Mechanisms of ductular reaction in non-alcoholic steatohepatitis

Figure 1 The different compartments of the ductular reaction, including hepatocyte self-proliferation and transdifferentiation, hepatic progenitor cell differentiation, and cholangiocyte proliferation and transdifferention. HPC: Hepatic progenitor cell.

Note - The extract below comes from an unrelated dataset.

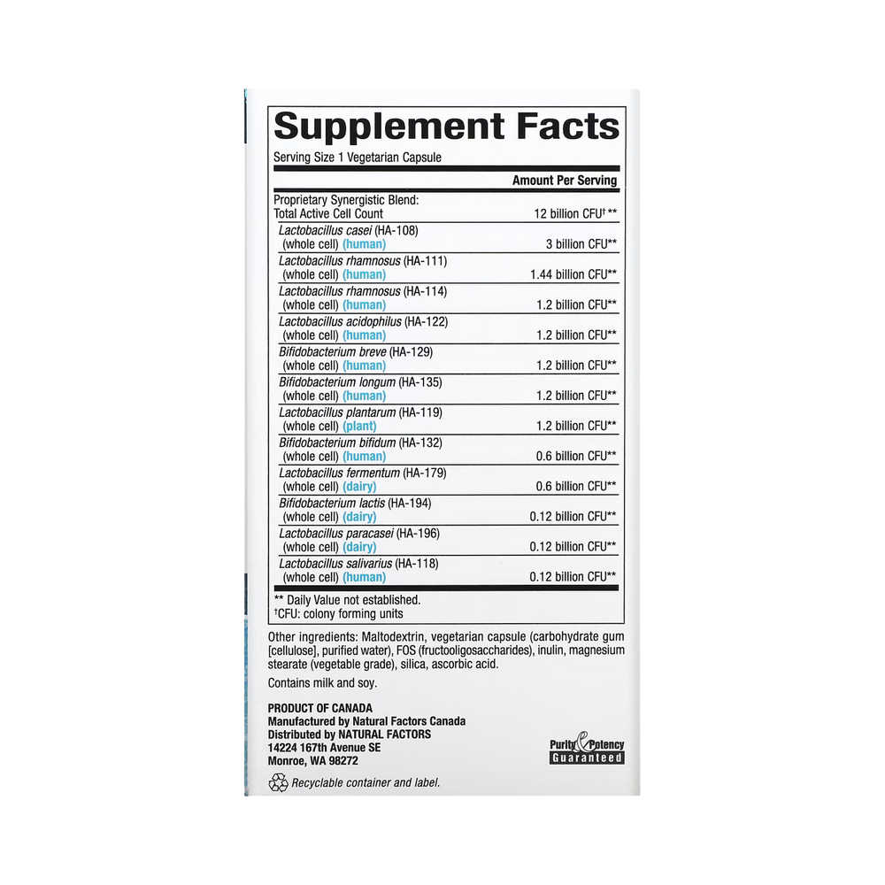 Enteric coating is not required for all probiotic strains. With regard to stomach acid resistance, not all strains are created equal. Natural Factors has carefully selected naturally acid-resistant strains so that they may be consumed at any time, with or without meals, and are safely delivered to the intestine unharmed. Our strains are tested for their viability in the stomach to ensure optimal absorption and efficacy.

Figure 2 A series of highly conserved signaling pathways in the ductular reaction which promotes the occurrence of non-alcoholic fatty liver disease and aggravates the prognosis of non-alcoholic steatohepatitis (Created with BioRender. com). A: The Notch signaling pathway regulates expression of genes, such as the Hes and Hey-related family, to determine cell differentiation and function, maintain liver homeostasis, repair liver damage, and regulate liver metabolism, inflammation, and cancer; B: The Hippo/YAP-TAZ signaling pathway can regulate liver size, metabolism, cell proliferation, cell migration, the epithelial-mesenchymal transition, and formation of the extracellular matrix and cytoskeleton formation, etc; C: The Wnt/β-catenin signaling pathway affects liver development and physiological functions of all liver disease stages, from initial injury and inflammation to fibrosis, cirrhosis and tumor occurrence; D: The hedgehog signaling pathway affects cell proliferation, migration, and differentiation; E: The HGF/c-Met signaling pathway activates multiple intracellular signaling pathways and affect cell proliferation, migration, and differentiation; F: The TWEAK/Fn14 signaling pathway regulates tissue inflammation and damage repair in addition to cell survival and death. HPC: Hepatic progenitor cell; NASH: Non-alcoholic steatohepatitis.